_ASSIGNED TASK_:
Print the data below exactly, but only the lines from the one containing "The Bubblelicious sweater" down to the one containing "Tflag T01A проектор", inclusive.

_RECORDS SUPPLIED_:
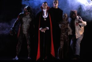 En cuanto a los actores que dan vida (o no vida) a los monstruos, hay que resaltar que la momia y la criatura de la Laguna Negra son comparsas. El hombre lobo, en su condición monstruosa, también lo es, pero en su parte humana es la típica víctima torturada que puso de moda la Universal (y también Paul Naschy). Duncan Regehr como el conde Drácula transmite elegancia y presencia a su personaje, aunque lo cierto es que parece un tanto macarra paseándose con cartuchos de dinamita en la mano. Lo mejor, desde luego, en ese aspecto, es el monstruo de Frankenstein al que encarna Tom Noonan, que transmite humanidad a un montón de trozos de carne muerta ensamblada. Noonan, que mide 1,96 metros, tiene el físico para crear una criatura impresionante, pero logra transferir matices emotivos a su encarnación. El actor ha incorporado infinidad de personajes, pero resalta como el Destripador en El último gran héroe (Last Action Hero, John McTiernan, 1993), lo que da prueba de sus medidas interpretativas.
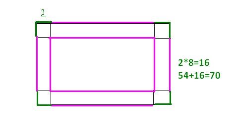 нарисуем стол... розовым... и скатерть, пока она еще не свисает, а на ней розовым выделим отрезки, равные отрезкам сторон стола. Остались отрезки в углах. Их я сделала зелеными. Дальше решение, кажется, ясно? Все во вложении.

---

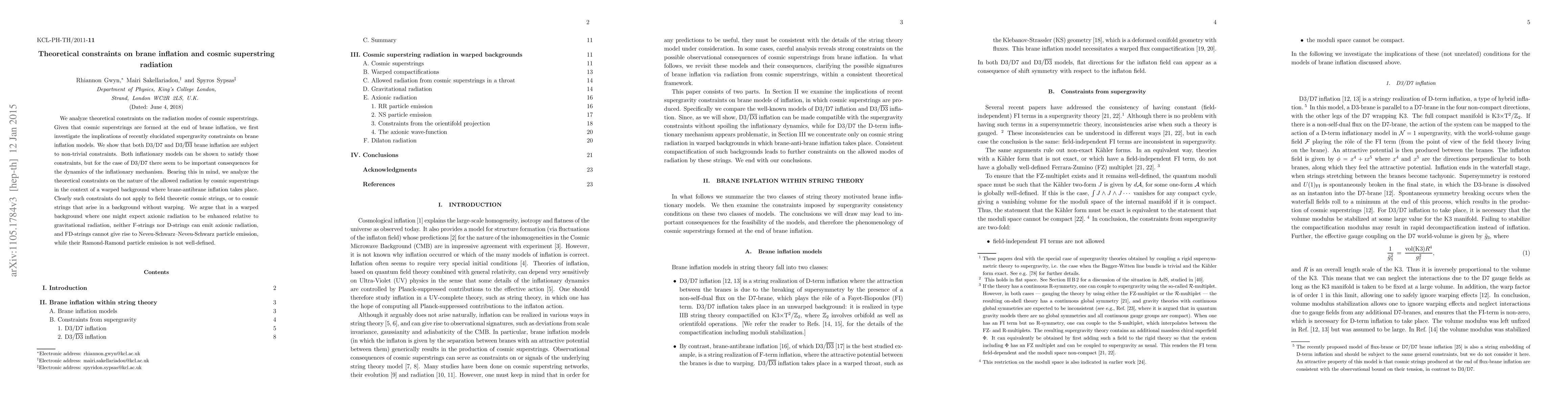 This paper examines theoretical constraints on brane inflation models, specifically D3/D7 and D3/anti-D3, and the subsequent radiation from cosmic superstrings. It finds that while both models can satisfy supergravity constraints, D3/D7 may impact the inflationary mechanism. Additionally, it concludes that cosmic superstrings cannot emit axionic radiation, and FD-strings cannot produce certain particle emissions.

--

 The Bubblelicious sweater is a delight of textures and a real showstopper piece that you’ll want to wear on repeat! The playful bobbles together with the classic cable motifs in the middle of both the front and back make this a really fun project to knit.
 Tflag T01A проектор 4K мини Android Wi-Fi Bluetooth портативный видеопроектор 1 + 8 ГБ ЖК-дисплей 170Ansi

_OUTPUT BELOW_:
 The Bubblelicious sweater is a delight of textures and a real showstopper piece that you’ll want to wear on repeat! The playful bobbles together with the classic cable motifs in the middle of both the front and back make this a really fun project to knit.
 Tflag T01A проектор 4K мини Android Wi-Fi Bluetooth портативный видеопроектор 1 + 8 ГБ ЖК-дисплей 170Ansi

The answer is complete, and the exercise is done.